Chinese education authorities have mapped out measures to help poor university and college students while promoting a unified tuition fee policy, Geoffrey Parkins writes.

Zhang Tianbao, deputy minister of the State Education Commission, said the issue of poorer students would take top priority in forthcoming higher education reforms.

He was speaking at a national seminar on financial aid for poor students in higher education this month. The commission's proposals will go for discussion with institutions and government departments.

They involve granting institutions full authority in managing a variety of scholarships arrangements.

It is suggested that central government adjusts the allocation of special scholarships to favour students of teaching, agriculture, forestry, ethnic studies, physical education and maritime studies.

The government is also to provide far more and better scholarships for students agreeing to fixed-term job-assignments after graduation, and the availability of student loans is to be increased.

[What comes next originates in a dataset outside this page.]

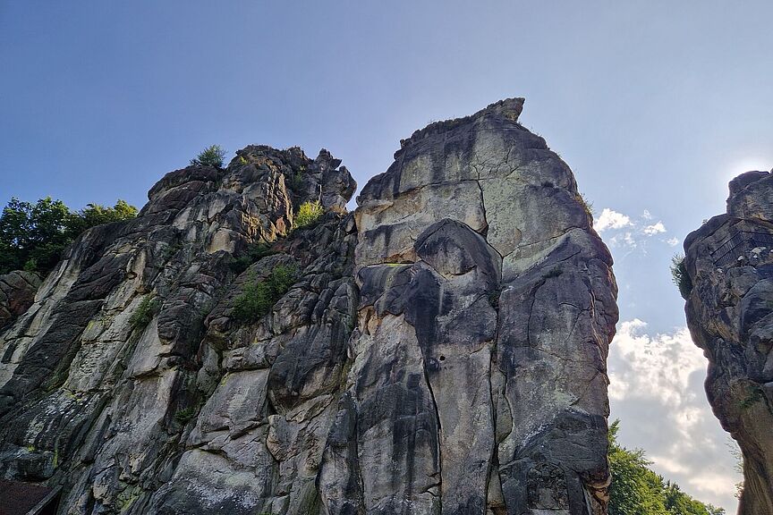 Die Tour führte weiter über Maspe nach Bad Meinberg. Es ging über traumhafte Waldwege vorbei an Feldern und Wiesen quer durch die herrliche Lipper Landschaft. Nicht umsonst wird das KfZ-Zeichen LIP mit „Living in Paradise“ übersetzt. Am frühen Nachmittag war das Ziel nach einem kurzen allerletzten Anstieg erreicht: Die Externsteine standen vor uns zum Greifen nah. Sie sind eine markante, rund 40 m hohe Sandstein-Felsformation im Teutoburger Wald und als solche eine herausragende Natursehenswürdigkeit Deutschlands, die unter Natur- und Kulturdenkmalschutz steht. Die Felsen sind vom Wiembecketeich und von einer parkartigen Anlage umgeben. Die Radfahr-Gruppe bestaunte die Felsformationen und weiter ging es Richtung Horn/Bad Meinberg, - Kaffee, Kuchen und Eis standen auf dem Programm: „Gelateria Bistro Michelangelo“ war der nächste kulinarische Halt. Um die Erhebung „Bellenberg“ am Rande des Teutoburger Waldes gelegen führte der Weg durch landschaftlich zauberhafte Gegenden – auch mal auf steilen Schotterpisten, aber das gehört dazu - nach Steinheim zum Bahnhof. Die intuitive Bedienerführung an Fahrkartenautomaten ist für manchen Bahnkunden/-kundin ein „Brief mit 7 Siegeln“! Nach einer etwas konfusen Aktion an einem solchen Automaten landete die Gruppe gesund und munter gemeinsam am Hamelner Bahnhof. Man glaubt es kaum, der Zug war pünktlich und alle Räder fanden Platz. Ein harter Kern von vier Radelnden lies die spannende und erlebnisreiche Tour auf dem Hamelner Werder genussvoll ausklingen.

Yang Zhoufu, a senior commission official, said 50 million yuan (Pounds 3.8 million) is needed over the next four years in order to establish a sufficient student loan fund to cover the 330 universities and colleges run by the commission and other ministries. The commission is also preparing a tuition-waiver policy to prevent students having to abandon their higher studies through financial difficulties.

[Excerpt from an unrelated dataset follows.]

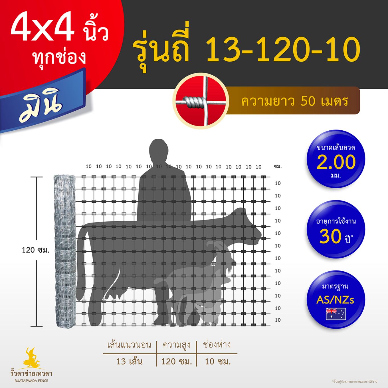 • รั้วตาข่ายถักปม รุ่นมินิ 13-120-10 ความสูง 120 เซนติเมตร ตาถี่ 4×4 นิ้ว เท่ากัน ทุกช่อง

The so-called "self-financed" or "enterprise sponsored" policy, where institutions charged extra fees to students admitted with lower entrance exam scores, is to be wiped out by the commission's new unified-tuition fee policy.

Many of the institutions adopting the policy during the last year report increased enrolments from poor and rural areas, which is very encouraging said Zhang.

Unified tuition fees range from 1,000 to 1,500 yuan (Pounds 77 to Pounds 115) per year.